Artefact-removal algorithms for Fourier domain Quantum Optical Coherence Tomography

TL;DR

This paper introduces two novel algorithms for removing artefacts in Fourier-domain Quantum Optical Coherence Tomography, enhancing image clarity by processing joint spectrum data, with demonstrated effectiveness on simulated data.

Contribution

The paper presents the first artefact-removal algorithms specifically designed for Fourier-domain Q-OCT, addressing a key limitation of the modality.

Findings

Algorithms successfully reduce artefacts in simulated data

Theoretical analysis of algorithm performance and limitations

Discussion of practical constraints for experimental implementation

Abstract

Quantum Optical Coherence Tomography (Q-OCT) is a non-classical equivalent of Optical Coherence Tomography and is able to provide a twofold axial resolution increase and immunity to resolution-degrading dispersion. The main drawback of Q-OCT are artefacts which are additional elements that clutter an A-scan and lead to a complete loss of structural information for multilayered objects.

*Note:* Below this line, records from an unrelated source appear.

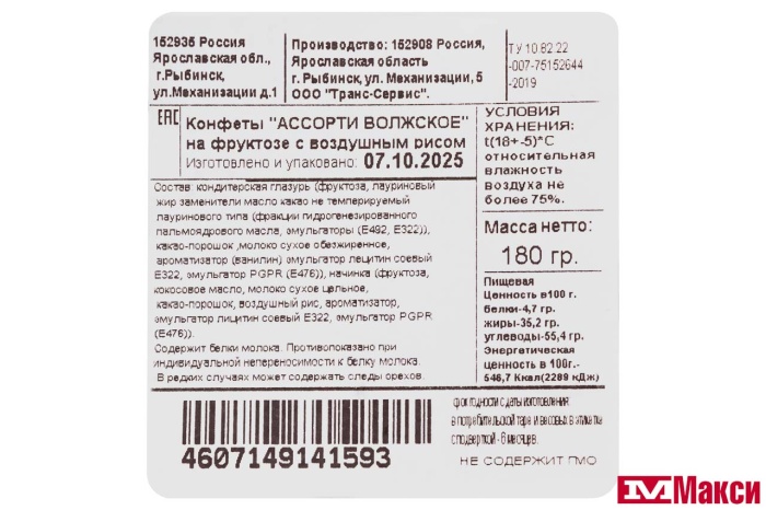 ШОК.КОНФ. (РЫБИНСК) "АССОРТИ ВОЛЖСКОЕ" С ВОЗД.РИСОМ НА ФРУКТОЗЕ 180Г
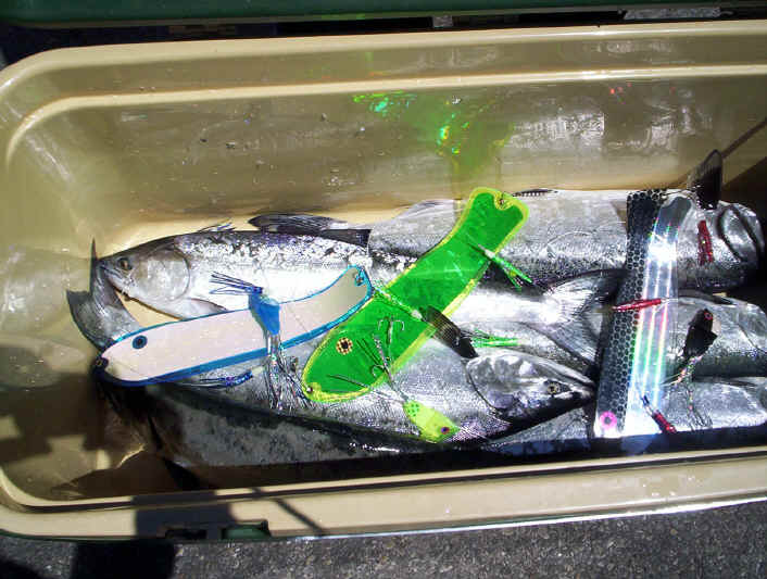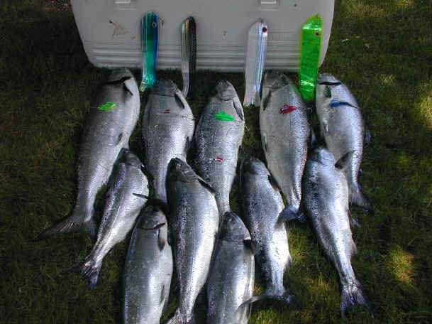 4 mph with the sweet spot being 2.5 to 2.7 mph. Cut-bait has had the largest impact, starting in 2003 at 17% share, then climbing to 24% in 2004. 2006 cut-bait swelled to 40%, which in itself is a phenomenal gain. Let's attribute this fact to: it's by far, ...the easiest to use. Sight, sound and scent as the herring is does the all the work. The meat program will also take larger fish and this factoid was evidenced in the August 2005 Frankfort GLPAA tournament. Where on day 1, five of the top ten vessels were all pulling my flashers, Super Magnum Meat Heads and herring. As things ended up on day 2, four of the top 10 teams had my stuff in the water and picked up a check. I won't get too long in the lip about the tackle I offer, but this I say with 1000% confidence. There is not bait head holder on the market presently that will out perform mine and offer the Salmon angler the wide variety of options the my meat head in Magnum and Super Magnum do! Click for Capt. John's meat heads There is one major heavy-duty draw back to using meat instead of the more traditional artificial lures. That being your box will be a lot harder to lift off the boat and you're gonna spend a ton more time at the cleaning table. Note: most of the above text was written in 2005 and might not reflect current trends that change and vary from year to year. Computers have many uses, storing data like in the above many seasons of polls is an excellent example! Some of the advantages to a meat program 1. The stuff works all
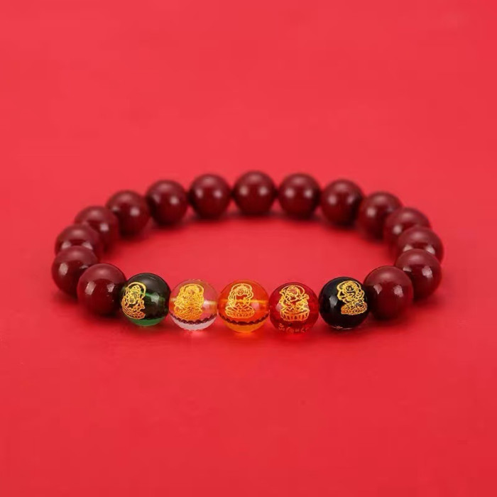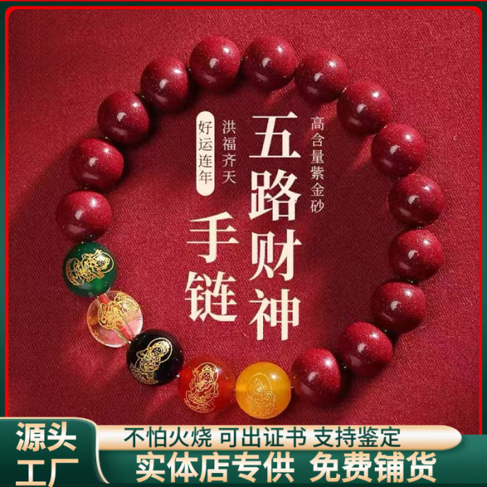 原礦硃砂手串五路財神高含量紫金砂本命年男女款手鏈飾品禮物
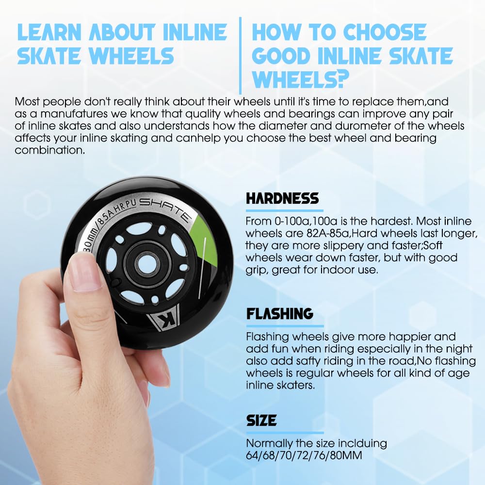[RIDING MORE SMOOTH IN INDOOR&OUTDOOR ] The combination of inline skate wheels diameter+durometer+Bearing will affects your inline skating shoe,Our skating Wheels Pu/bearing/hardness adopt performance material - tested weel by kids and adults riders - PU never worn easily and de-hubs.Great for indoor and outdoor riding.

Whereas there are successful methods for artefact removal in Time-domain Q-OCT, no such scheme has been devised for Fourier-domain Q-OCT (Fd-Q-OCT), although the latter modality - through joint spectrum detection - outputs a lot of useful information on both the system and the imaged object. Here, we propose two algorithms which process a Fd-Q-OCT's joint spectrum into an artefact-free A-scan. We present the theoretical background of these algorithms and show their performance on computer-generated data. The limitations of both algorithms with regards to the experimental system and the imaged object are discussed.